== Segment start ==
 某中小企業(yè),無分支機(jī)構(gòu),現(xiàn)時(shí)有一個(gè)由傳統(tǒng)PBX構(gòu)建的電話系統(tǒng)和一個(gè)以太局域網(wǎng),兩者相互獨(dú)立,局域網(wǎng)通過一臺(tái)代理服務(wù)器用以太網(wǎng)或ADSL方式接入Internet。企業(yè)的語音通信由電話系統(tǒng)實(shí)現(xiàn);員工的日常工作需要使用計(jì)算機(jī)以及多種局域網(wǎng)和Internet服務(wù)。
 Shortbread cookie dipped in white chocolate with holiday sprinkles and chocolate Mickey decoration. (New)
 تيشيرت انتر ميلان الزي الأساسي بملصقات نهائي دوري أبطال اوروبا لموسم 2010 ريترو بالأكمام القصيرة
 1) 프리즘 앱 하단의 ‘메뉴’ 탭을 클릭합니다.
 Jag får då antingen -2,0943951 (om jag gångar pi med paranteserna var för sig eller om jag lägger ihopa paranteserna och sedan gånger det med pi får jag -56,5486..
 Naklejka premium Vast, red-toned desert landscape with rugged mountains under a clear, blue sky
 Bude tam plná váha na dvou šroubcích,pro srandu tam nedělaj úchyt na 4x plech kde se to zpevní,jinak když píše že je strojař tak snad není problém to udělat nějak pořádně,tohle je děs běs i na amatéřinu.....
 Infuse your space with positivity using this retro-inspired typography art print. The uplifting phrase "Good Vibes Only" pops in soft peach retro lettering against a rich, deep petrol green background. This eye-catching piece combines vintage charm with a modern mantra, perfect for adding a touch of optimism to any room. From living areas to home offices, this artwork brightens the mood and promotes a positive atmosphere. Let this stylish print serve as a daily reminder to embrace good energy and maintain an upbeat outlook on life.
== Segment end ==
== Segment start ==
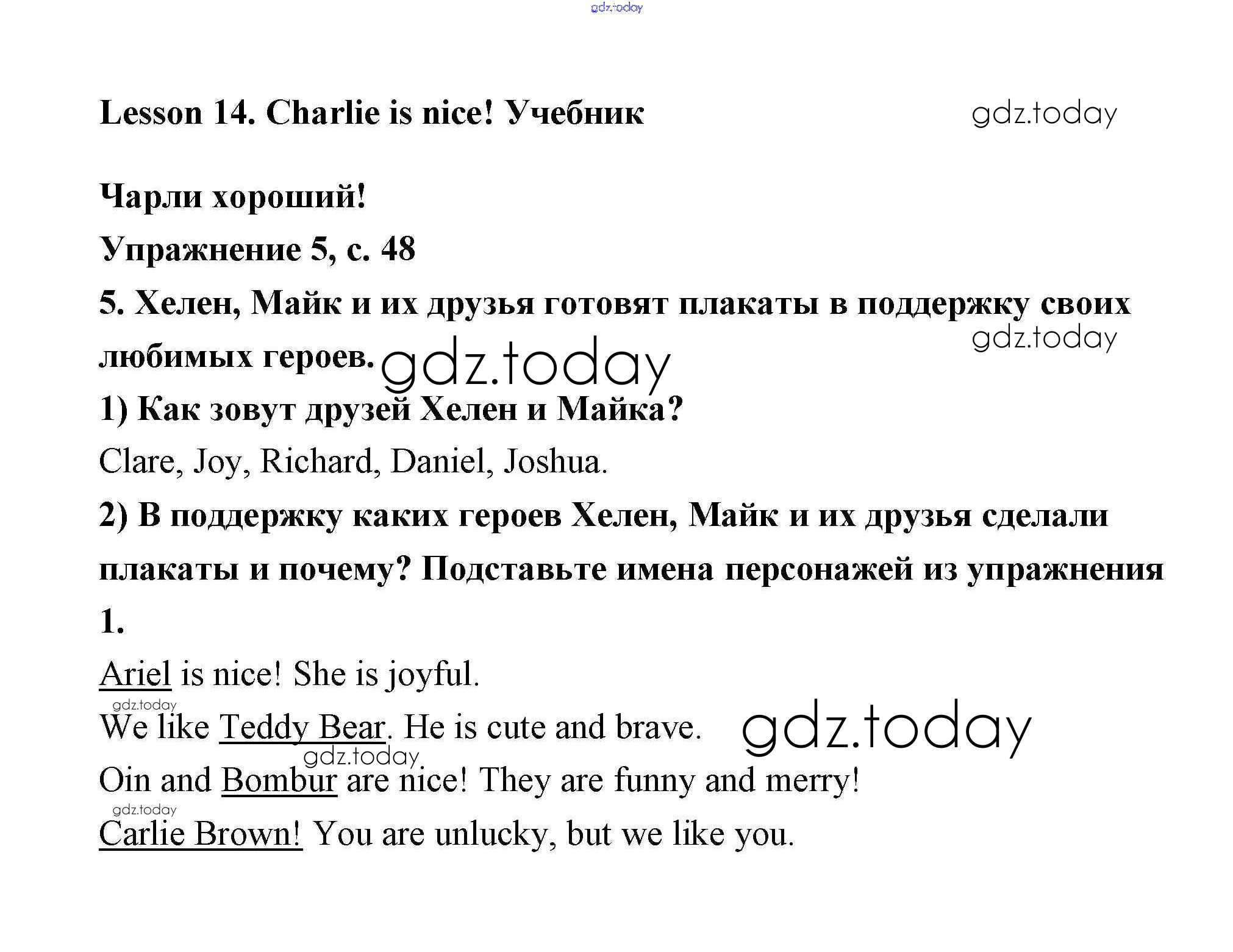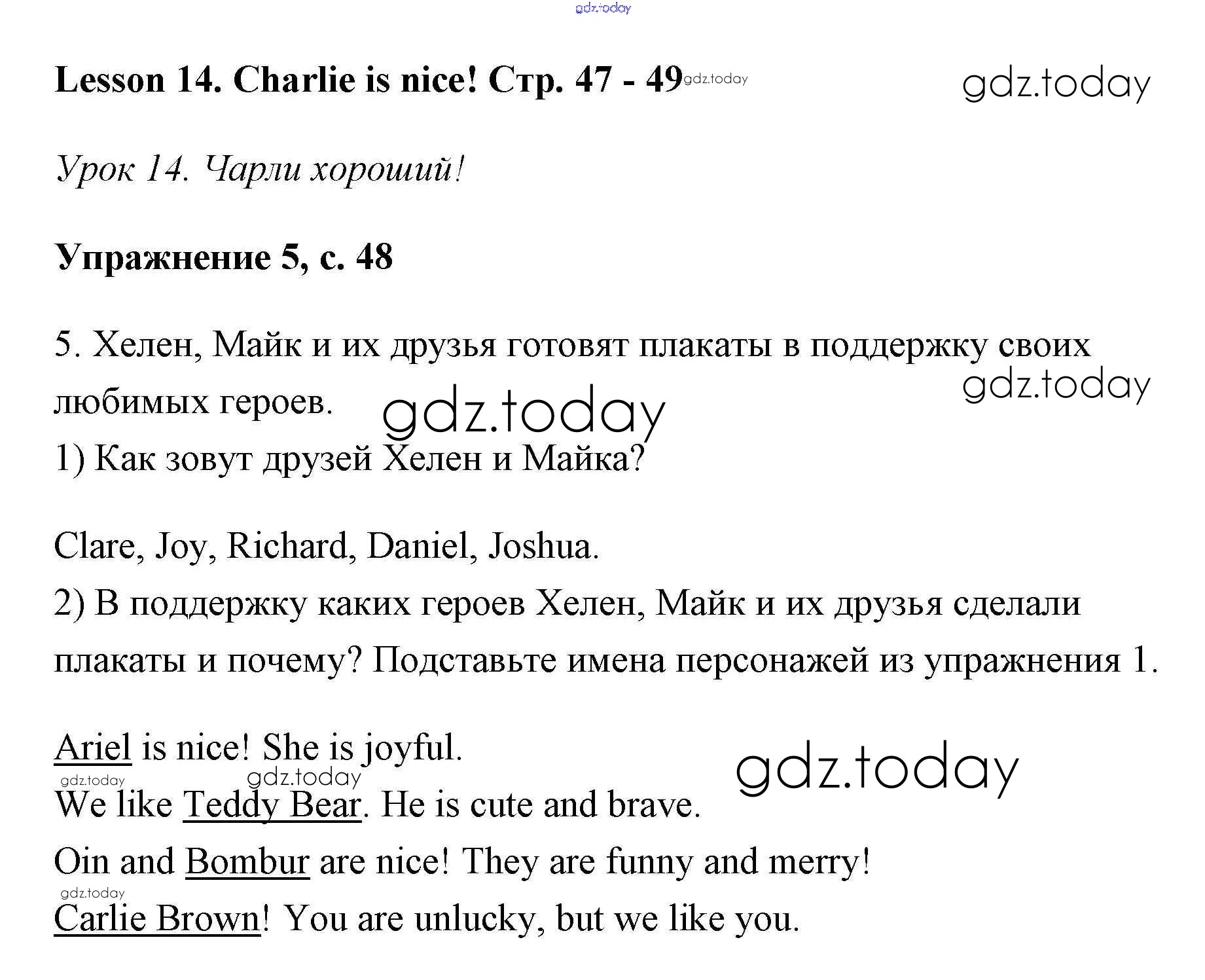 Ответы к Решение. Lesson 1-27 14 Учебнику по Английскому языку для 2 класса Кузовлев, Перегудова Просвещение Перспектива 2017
== Segment end ==
Start with the line above that contains "تيشيرت انتر ميلان" and stop after the line that contains "Naklejka premium Vast, red-toned". Output those lines exactly, and only those.

TASK OUTPUT >>
 تيشيرت انتر ميلان الزي الأساسي بملصقات نهائي دوري أبطال اوروبا لموسم 2010 ريترو بالأكمام القصيرة
 1) 프리즘 앱 하단의 ‘메뉴’ 탭을 클릭합니다.
 Jag får då antingen -2,0943951 (om jag gångar pi med paranteserna var för sig eller om jag lägger ihopa paranteserna och sedan gånger det med pi får jag -56,5486..
 Naklejka premium Vast, red-toned desert landscape with rugged mountains under a clear, blue sky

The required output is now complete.